Chest X-rays (Figures 1, 2, and 3 for patients 1, 2, and 3, respectively), as well as laboratory test results at admission and after 1 year of treatment, can be found in the online supplement of the JBP (http://www.jornaldepneumologia.com.br/detalhe_anexo.asp?id=43)

https://minio.scielo.br/documentstore/1806-3756/hrfsBmPzkm34HSdZXYQwTDg/34e04145127e977e3a3723ef68bef72bc4da9fb1.pdf

Patient 1

A 43-year-old male smoker (with a smoking history of 20 pack-years) presented to our institution. In addition to social drinking, he reported a history of cocaine use (he had not used it since 2011). He was unofficially employed as a car washer. He had previously been treated for tuberculosis but had not adhered to the prescribed treatment regimens. According to the patient, this was due to the fact that he was granted no social security benefit allowances for tuberculosis and had to work during the treatment period. His family income, in Brazilian reals (R$), was 800.00 (US$ 363.00). He lived in a two-bedroom household with his mother. He was admitted to HNGR on March 18, 2013. Treatment for XDR-TB was initiated on September 6, 2013.

Patient 2

A 41-year-old male smoker (with a smoking history of 20 pack-years) presented to our institution. He was a maintenance assistant. He reported a history of alcohol dependence (he had not consumed any alcohol since 2008) but no illicit drug use. He had been on sick leave while on treatment for tuberculosis, having been granted a social security benefit allowance. His family income was R$ 1,400.00 (US$ 437.00). He lived in a single room with his wife, a 1-year-old child, and two teenage children. He was admitted to HNGR on October 24, 2013. Treatment for XDR-TB was initiated on November 1, 2013.

Patient 3

A 25-year-old female smoker (with a smoking history of 5 pack-years) presented to our institution. She was unofficially employed as a clerk in a bakery. She reported social drinking but no illicit drug use. Her salary was R$ 725.00 (US$ 327.00). She had previously been treated for tuberculosis but had not adhered to the prescribed treatment regimens. According to the patient, this was due to the fact that she was granted no social security benefit allowances for tuberculosis and had to work during the treatment period. She lived in a three-bedroom household with three other people (a 5-year-old daughter, a brother, and her mother) and slept alone in one of the bedrooms. She had received home oxygen therapy in the period between December of 2013 and her admission to HNGR. She was hospitalized on February 10, 2014. Treatment for XDR-TB was initiated on March 10, 2014.

DISCUSSION

In the present study, we reported three cases of XDR-TB patients who had previously been treated for tuberculosis. The use of a treatment regimen based on the WHO guidelines in association with a new combination of antituberculosis drugs (imipenem and linezolid) resulted in clinical and bacteriological cure, as well as in significant radiological improvement. To our knowledge, our study is the first in Latin America and the second in the world to report the use of imipenem for the treatment of patients with XDR-TB, as well as being the first in the world to report the cases of three XDR-TB patients who were cured with the use of imipenem-linezolid.

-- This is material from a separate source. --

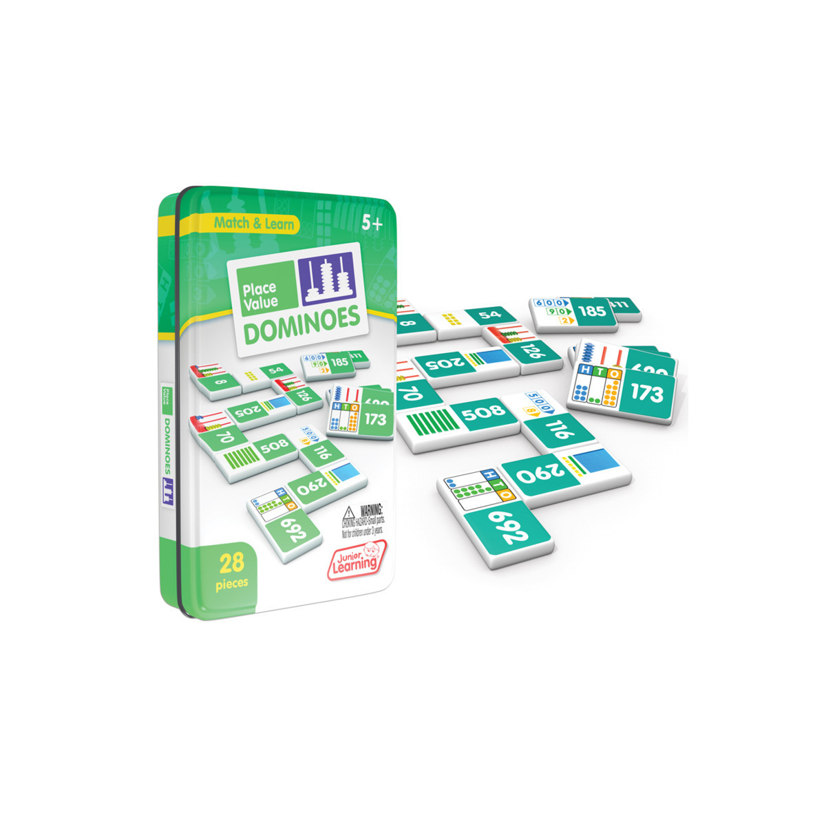 Place Value dominoes include a 28 piece set on thick plastic dominoes. Dominoes come in a collectors tin for storage. Children will love the feel of real dominoes as they complete the place value matching game.

At HNGR, treatment is initiated after careful clinical and medication history taking. Smear microscopy is performed at the hospital. Cultures for Koch's bacillus and drug susceptibility testing are performed at the Adolfo Lutz Institute and repeated every two months. Laboratory tests are performed at the São Paulo State University School of Pharmaceutical Sciences and repeated every three months. At admission, chest X-rays and CT scans are taken, the former being repeated every two months. The initial proposal is inpatient treatment for 24 months, depending on the clinical, bacteriological, and laboratory response.

Both MDR-TB and XDR-TB are multifactorial and are caused by one or more of the following: inappropriate treatment regimens, inadequate drug doses, or inadequate treatment duration; mismanagement of antituberculosis drugs, affecting supply and quality; laboratories where resolution rates are low; addition of one or more drugs to a treatment regimen that has failed; treatment discontinuation or irregular medication use; and infection with primary MDR-TB strains.¹1. World Health Organization. Global tuberculosis report 2014. Geneva: World Health Organization; 2014.

The chest X-rays taken at admission revealed serious pulmonary sequelae in patients 1 and 3, a finding that might be due to the fact that those patients had been treated for tuberculosis several times before, albeit erratically and, consequently, ineffectively. Patient 2 had received a basic treatment regimen under supervision. The fact that the treatment failed might be attributed to primary MDR-TB.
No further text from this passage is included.